Blood was collected from the posterior elbow vein of the subject under strict sterilization into a centrifuge tube preloaded with the anticoagulant ACD (Sigma-Aldrich; 85 mmol/L sodium citrate, 71.38 mmol/L citrate, 27.78 mmol/L glucose) in a ratio of ACD to whole blood of 1 : 7. Centrifugation was performed in a centrifuge at 300 g at room temperature for a time dependent on the volume of blood, with 20 mL of whole blood centrifuged for approximately 10 min. After centrifugation, the whole blood was stratified, and the upper layer of platelet-rich plasma (PRP) was carefully aspirated and centrifuged at 740 g at room temperature for a volume-dependent period of time of approximately 10 minutes for 10 mL of PRP. After centrifugation, platelets were precipitated and resuspended by gently blowing with pre-warmed Tyrode’s buffer (TB) to obtain the washed platelet (WP) suspension. The platelet concentration was measured, and the WP concentration was adjusted to approximately 3 × 10⁸ platelets/mL by adding TB in appropriate amounts.

Platelet aggregation was determined by the turbidimetric method using a dual-channel platelet aggregometer from Chrono-Log. The WP prepared in the above steps was placed in a 37°C oven. The platelet aggregometer was turned on, preheated to 37°C, and connected to a computer. Then, 400 μL of TB was added to the control tube as a reference. The turbidimetric tube was added with 300 μL of WP and inserted into the aggregometer. The drug and agonist were added when the baseline was stable to record the aggregation at a constant temperature and speed. Aggregation was induced by adenosine diphosphate, collagen, or thrombocyte adhesion, respectively.

Platelet Spreading Assay

The operation area was marked on the back of the slide, and 200 μL of a final concentration of 200 μg/mL fibrinogen (pH = 8.3, 0.1 mmol/L NaHCO₃) was added dropwise and left at 4°C overnight, followed by 200 μL of 5% BSA (Beyotime) for 60 minutes at room temperature. The concentration of the platelet suspension was adjusted to 1 × 10⁸ platelets/mL in both groups and allowed to stand for 30 minutes at 37°C. The platelets were added dropwise to the encapsulated slides at 37°C overnight and covered with 200 μL of Blocking Solution (BD Company) at 4°C for 20 minutes and wash buffer for 10 minutes. The wash buffer was aspirated, and 100 μL of FITC-phalloidin in 3% BSA was added dropwise and incubated at room temperature for 1 hour. The membrane was washed with PBS for 10 minutes 3 times, and the excess liquid was aspirated.

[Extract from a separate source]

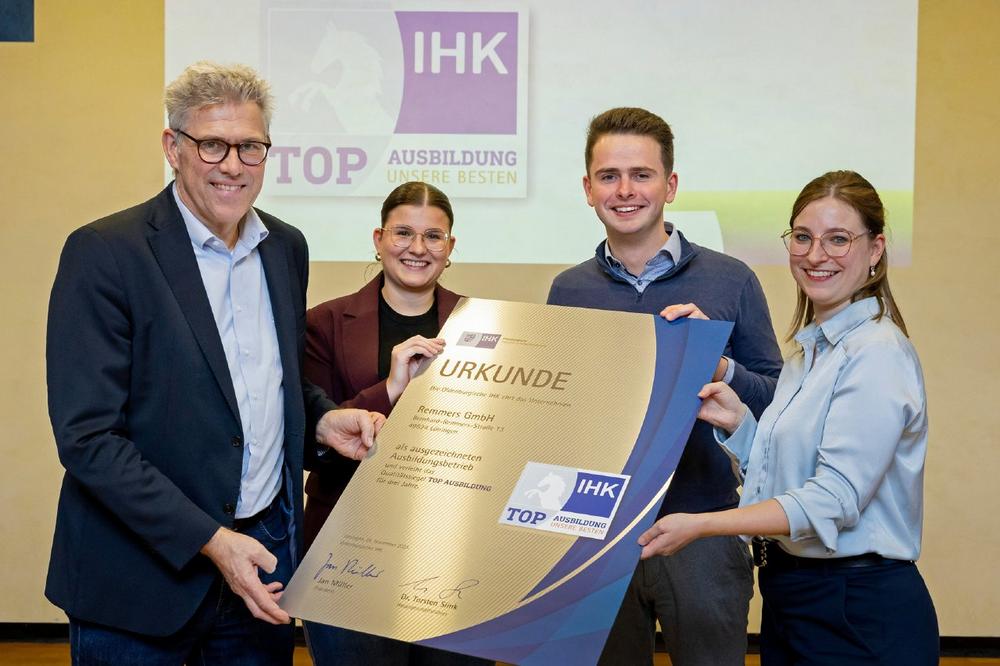 „Eine erfolgreiche Ausbildung ist für uns weit mehr als ein Einstieg in den Beruf – sie ist ein zentraler Baustein unserer langfristigen Personalstrategie. Die erneute Anerkennung durch die IHK Oldenburg zeigt, dass unser Fokus auf Qualität, Nähe zu den Auszubildenden und gezielter Förderung genau der richtige Weg ist.“, Janka Miesch, Leiterin Personalwesen bei Remmers.

Then, 20 μL of antifluorescence quencher was added, and nail polish was covered on the coverslip. The platelets were observed by fluorescence microscope (Leica), and the platelet spreading area was counted.

Cell Culture

Primary human umbilical vascular endothelial cells (HUVECs; CC-2517, Lonza) were routinely cultured (37°C, 5% CO₂) in endothelial cell medium (1001, Sciencell) containing 5% fetal bovine serum (Gibco; Thermo Fisher Scientific, Inc.) and endothelial cell growth supplement (MilliporeSigma). Human umbilical vascular endothelial cells with fewer than 7 passages and 80-90% confluence were used for the experiments. Human umbilical vascular endothelial cells were placed in serum starvation for 4 hours and then treated with HG (50 mM, Beyotime) and ox-LDL (50 μg/mL, ThermoFisher) for 24 hours.

Human umbilical vascular endothelial cells were placed in 6-well plates and grown to 70-80% confluence, then treated with 1 μM Alprostadil (900100P-1MG, Cayman, Tallinn, Estonia) dissolved in DMSO for 48 hours.

MTT Determination

Human umbilical vascular endothelial cells were put in 96-well plates (2.5 × 10³ cells/well, 0.1 mL/well). Five time points from 1 to 5 days were set for the assay, respectively. The prepared MTT solution (20 μL, 5 mg/mL; Sigma-Aldrich) was added to each well and incubated for 4 hours at room temperature, after which the MTT solution was removed. Next, 200 μL of DMSO (Sigma-Aldrich) was added to each well, and the optical density (OD) value was detected at 570 nm using a microplate reader (NYW-96M, Beijing Nuoyawei Instrument, Beijing, China).

Flow Cytometry

The Annexin V-FITC apoptosis detection kit (Thermo Fisher Scientific) was used to identify apoptotic cells. Human umbilical vascular endothelial cells were placed in 6-well plates, each containing 5 × 10⁴ cells, and incubated overnight at ambient temperature. Human umbilical vascular endothelial cells underwent digestion using EDTA-free trypsin (0.25%, Beyotime) and were spun at 1200 rpm for 5 minutes to produce cellular precipitates. Cell precipitates were delicately reconstituted in 500 μL of 1 × Annexin V binding buffer and combined with 10 μL of Annexin V-FITC and 5 μL of propidium iodide for half an hour at ambient temperature, shielded from illumination. Using a FACS Calibur flow cytometer (BD Biosciences, NJ, USA), apoptotic (Annexin V-positive and PI-negative) and necrotic (Annexin V- and PI-positive) cells were identified.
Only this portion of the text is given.